Story, a musician, met Martin, a baseball player at a Fellowship of Christian Athletes function during high school.

“I’m still not sure how I made it to this FCA event,” said Story, noting she wasn’t an athlete. “I wanted to fellowship with a good-looking Christian athlete. And I did.”

Tragedy struck the young married when Martin was diagnosed with a brain tumor.

“We were so young. So naïve. We wanted our marriage to glorify God,” Story recalled. The pair determined to trust God and assumed that eventually, they would “get back on the road, which is this wonderful plan we had.”

It didn’t work that way. An anticipated five days in the hospital after surgery stretched to three months. Martin experienced short-term memory loss doctors had warned might happen. While he remembered Laura, he did not recall being married to her.

“They were tough days. Funny days. Days of being grateful that Martin was surviving,” Story said. The day of his release brought mixed emotions. Though grateful to leave the hospital, the couple knew things were not the way that they were before.

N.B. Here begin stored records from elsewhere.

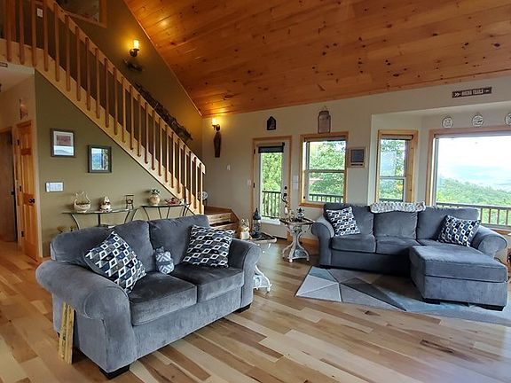 Classic chalet with indescribable Mountain views! Enhanced with 2 custom stone fireplaces, gorgeous hickory floors and premium carpeting. Enjoy preparing meals in the spacious kitchen w/granite counters & SS appliances. With zoned heat & air on each level, everyone will be comfortable. Upstairs is the master bedroom w/large walk in closet, and sitting room. Bath has tile shower, dual vanities, & heated tile floors. Downstairs is perfect for guests, family, or as an AirBnB w/a greatroom, bedroom, bonus room w/laundry, & bathroom. Relax in the hot tub after a long day of playing outdoors. 2-car garage accessed thru the breezeway, and a full wrap porch! FREE internet...and more!!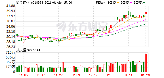 | 九转 重大事件 演 加 权 超级叠加 窗 区 信息 ● ▼ | | 紫金矿业 601899 | 6 23 | | --- | --- | --- | --- | | 20251113-20260126 (51) 금 | 41.25 | 39.50 +1.94 +5.17% 困 | | | 40.48- | | 港(HK2899) 42.18 +4.35% H/A -4.73% | | | 39.06 | 委比 | -97.25% | -1016594 | | | 5 | 39.54 | 197 | | 36.88 | | 39.53 | 459 | | 34.70 | | 39.52 | 750 | | | | 39.51 | 343 | | 32.52 | | 39.50 | 1029222 | | 30.33 | | 39.49 | 4253 | | | | 39.48 | 4755 | | 28.15 | | 39.47 | 1101 | | | | 39.46 | 1250 | | 66351 | 5 | 39.45 | 3018 | | | 现价 | 39.50 涨跌 | +1.94 | | 2 ...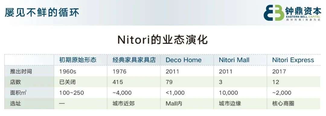 另一个例子来自Nitori,它目前的品类宽度并不宽,主要就是家具+家居,但它不同时期在本土主力开设的业态面积,也经历过由小变大变小又变大的过程。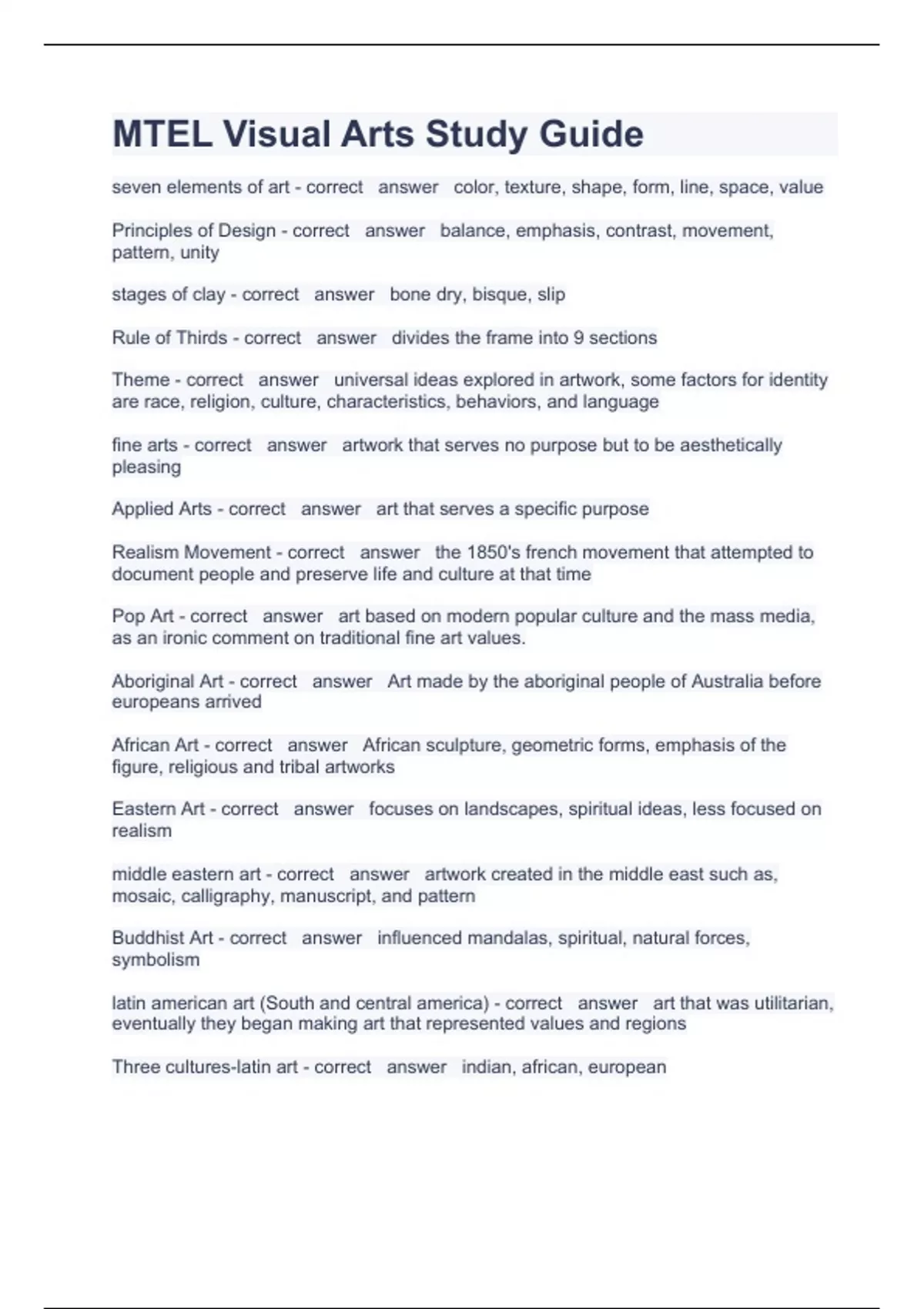 MTEL Visual Arts Study Guide Question and answers correctly solved 2023

A doctor gently explained to Story the “new normal” when she asked why her husband was being discharged when he was not back to normal. Martin suffers from memory and vision deficits yet today, Story admitted.

Loss and altered dreams are common to many, yet may leave us wondering what to do with situations the Lord has not fixed, Story said, turning to Philippians 4 and the apostle Paul’s own trials as he lived out his faith. She recommended the four Rs for the empowered woman:

  • Rejoice: Not pretending to be happy when things are hard, but responding as David does in Psalm 13;
  • Be Reasonable: Putting the energy of our minds towards profitable thought, enlisting other believers to help “rein in the crazy” when necessary;
  • Present Requests to God: Being persistent, asking with “shameless audacity,” knowing that the size of God never changes based on the size of [one’s] faith;
  • Rest: Which comes when the peace of God surpasses all understanding and guards hearts and minds in Christ Jesus—“the only place in life where rest can come before resolution.”

“True soul rest happens when souls rest in Jesus,” Story said, paraphrasing Augustine and emphasizing that resting in Christ is possible long before a problem is resolved.

She urged the audience to choose the open hand rather than the shaking fist when responding to God through the trials allowed in our lives.

Story closed by performing “Blessings” and leading attendees in a chorus of “I Surrender All.”

Additional conference music was provided by Brandon Ramey, worship leader at MacArthur Boulevard Baptist Church, and his wife, Bunni.

“We had a marvelous time,” Laura Taylor, SBTC women’s ministry associate, said afterward. “I am so impressed by both [Wilkin and Story] and the tools that they gave us and empowered us with to share the gospel. It’s not just your words, but it’s your actions. And it’s letting God shine through your story.”